Alas, yes, those days are gone, or soon gone, killed by the Internet and the abbreviated digi-dreck produced in an online world with few gatekeepers — by a “news” process that provides questionable content to an audience of barely literate feebs unable to digest more than two hundred words at a time, incapable of checking what they read for things like verifiable fact and a minimal imprint of self-interest.
The next morning it’s goodbye to the conference, to The Taj, to Boston.
One more meal. We walk to Charles Street on the east side of the park and The Common to a joint Kathy finds: The Paramount. As with most places Kathy finds, it seems a disaster in the making: the place is tiny, narrow, and food is flung to trays as a line of customers moves past a counter and a frantic grill staff. You can’t reserve a table and there doesn’t seem to be seating for even a third of the people who patiently line up at the door.
“Oh, my god. What have you done? This can’t possibly work.”
“I read that this is one of the best places in town for breakfast. Oooh, look: waffles with strawberries.”
“But, there’s nowhere to sit. This place is a madhouse. I’m getting claustrophobic and sweaty. I should have used the bathroom before we checked out of the hotel.”
“Shut up and stay in line. Oooh, look: bacon.”
“We’re doomed. We’re going to die here.”
“Oooh, look: they have real butter.”
As with most joints Kathy finds that initially portend doom, The Paramount is great. They know how to make it work. It’s a fine way to end our stay.

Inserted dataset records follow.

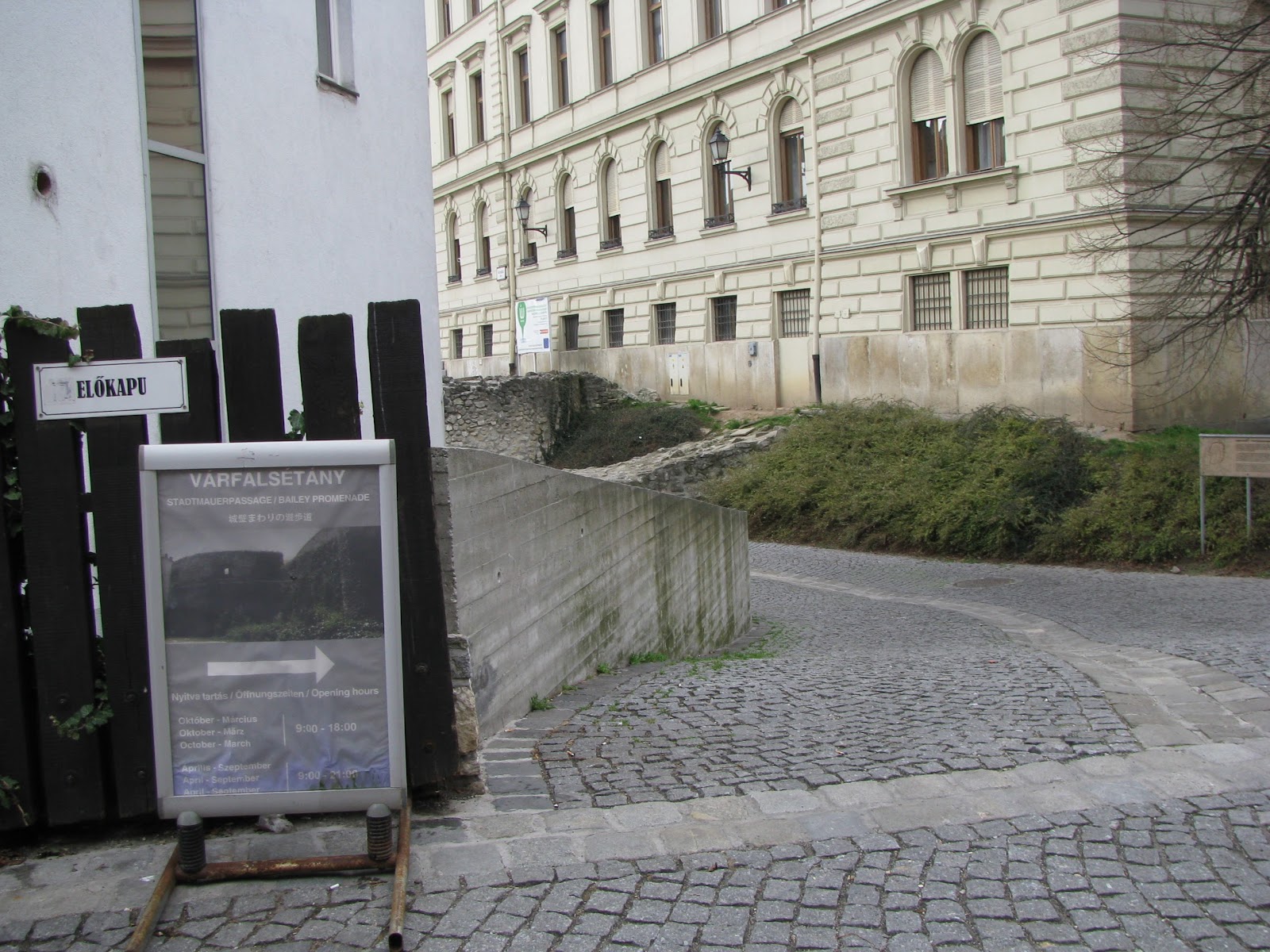 Itt kezdődött a Várfalsétány. Bár valami kerítés félével volt elkertelve, de ingyen be tudtunk menni, hogy mi is végigmehessünk ezen az érdekes városi látnivalón.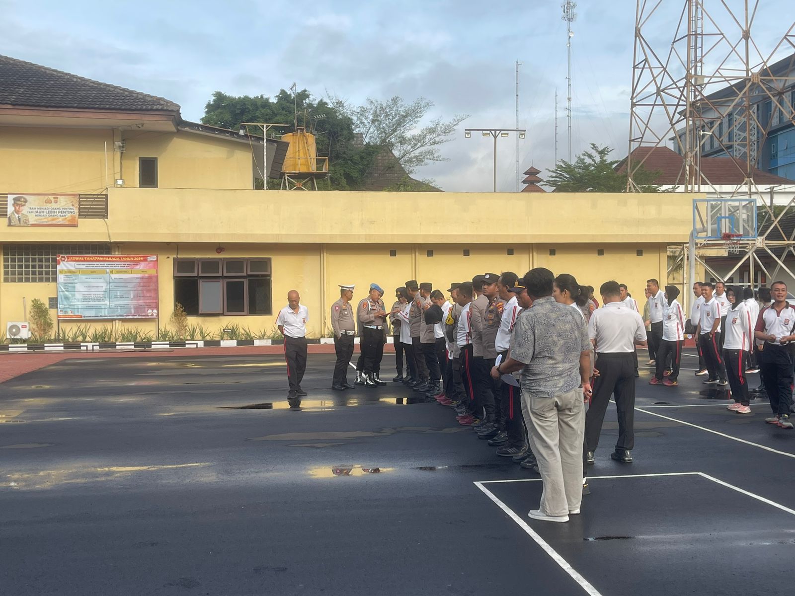 Personil Sipropam Polres Cilegon melakukan Pengecekan absensi kehadiran pada saat pelaksanaan apel pagi, Senin (21/10/2025) bertempat di Lapangan  Apel Polres Cilegon.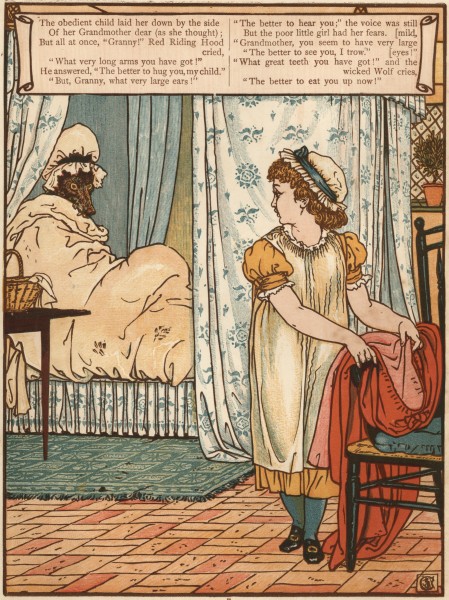 The French folklorists and writer Perrault’s version of the story in the 17th century featured a young girl next door to a village who incredulously shares her grandmother’s address with a wolf. Next, the wolf exploits her naivety by asking her to get into the bed, where he then attacks and eats her.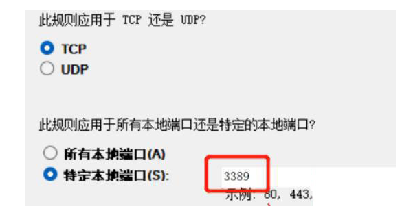 6、然后选择【TCP】、【特定本地端口3389】两个选项。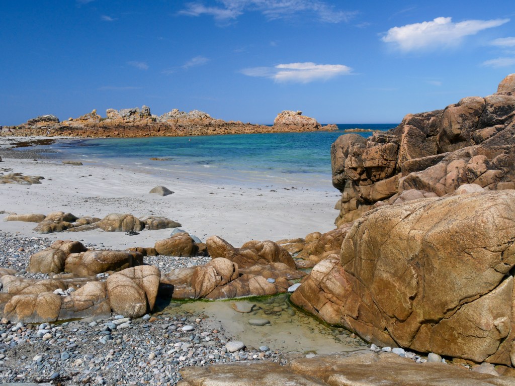 À environ 25 minutes de voiture des volets bleus le village de Plougrescant est très connu pour son site « Castel-Meur », la maison entre les rochers et son gouffre. Mais en réalité toute sa côte est un régal pour les yeux.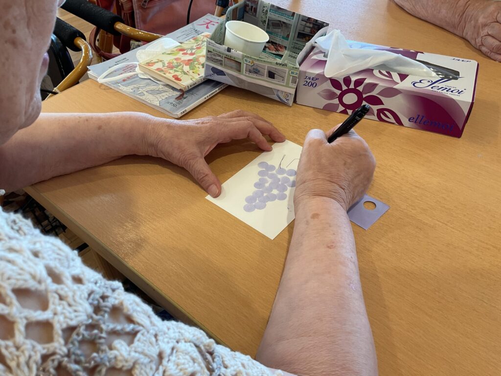 秋の絵葉書を作りました🍇 投稿日 2025年9月8日 著者 通所介護事業所 ハートヒルかわげR23 カテゴリー スタッフブログ ハートヒルかわげR23です😄だんだんと朝晩が涼しくなってきましたね!そんな秋を感じる今日この頃…当施設では秋の絵葉書を作りました🥰スタンプをポンポンと叩いてブドウを描いてもらいました🍇初めての作業に「難しいわ・・・」「どうやるの?」と戸惑いを見せる方も。ですが、皆さんすぐに要領をつかみ夢中で作業をされていました!さすが、人生の先輩方👵この機会にぜひ、懐かしい方や親しい方とお手紙を交わしてみてくださいね😊 ハートヒルかわげR23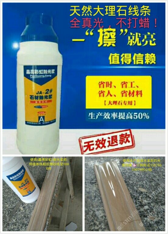 (晶亮彩虹拋光漿)為配方調制。從2016年5月份開始靠著技術員親自逐間上門到云浮多家石材工藝廠施展產品使用技術和試驗產品光度效果取得了各家老板和工藝師們的稱贊和認可,通過短短一年的時間品牌:晶亮彩虹拋光漿全國省地已約2000家石材廠正在使用,市場反應效果顯注,現(xiàn)面向全國誠招代理商。客服熱線:15876619079

Now, I’m back in Siberia With a View, with two goals.
First: Work up a batch of double-cooked French fries to go with grilled, marinated hanger steak. As soon as my pal BFD fully recovers from recent surgery, I’m making the meal for him, GB, Kathy and me.
I’ll peel the russets (I prefer fries without skin) and hand-cut the fries.
Two deep pans will go on the burners, each a third full of peanut oil (olive oil has too low a smoke point) or, if I can manage it, one with oil, one with duck fat. The oil will be heated to 325; the duck fat brought to 375. A batch of fries goes in the peanut oil and the potatoes cook for about five minutes. They are taken out and put on paper toweling while the next batch is cooked.
When the first stage is complete, a batch of the precooked fries will go into the duck fat, until the spuds get puffy and golden brown — seven to eight minutes. As each batch comes out of the oil, the fries go on to toweling. They are immediately salted and consumed.
My second goal should be just as easy: become a “writer.”
It’s never too late.
I wonder where I can find a pink suit?